- _REQUIRED WORK_: Transcribe the listing below exactly, without pictures.

DATA SHOWN below:

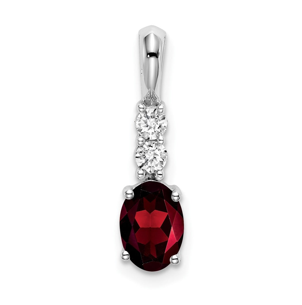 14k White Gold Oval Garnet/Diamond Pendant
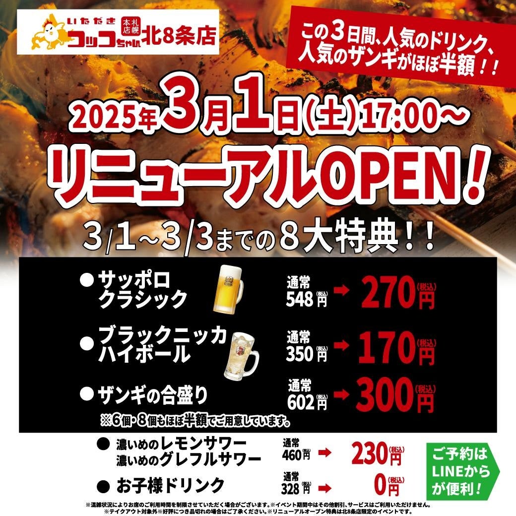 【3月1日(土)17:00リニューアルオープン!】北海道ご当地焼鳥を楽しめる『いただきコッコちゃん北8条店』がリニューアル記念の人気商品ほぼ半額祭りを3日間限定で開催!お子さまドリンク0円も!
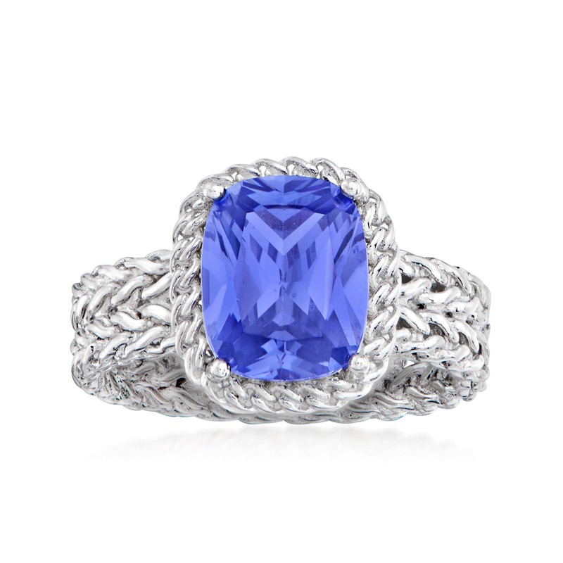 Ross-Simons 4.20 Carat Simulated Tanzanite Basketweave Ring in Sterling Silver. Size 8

End of DATA SHOWN.

- _ANSWER BOX_:
 14k White Gold Oval Garnet/Diamond Pendant
 【3月1日(土)17:00リニューアルオープン!】北海道ご当地焼鳥を楽しめる『いただきコッコちゃん北8条店』がリニューアル記念の人気商品ほぼ半額祭りを3日間限定で開催!お子さまドリンク0円も!
 Ross-Simons 4.20 Carat Simulated Tanzanite Basketweave Ring in Sterling Silver. Size 8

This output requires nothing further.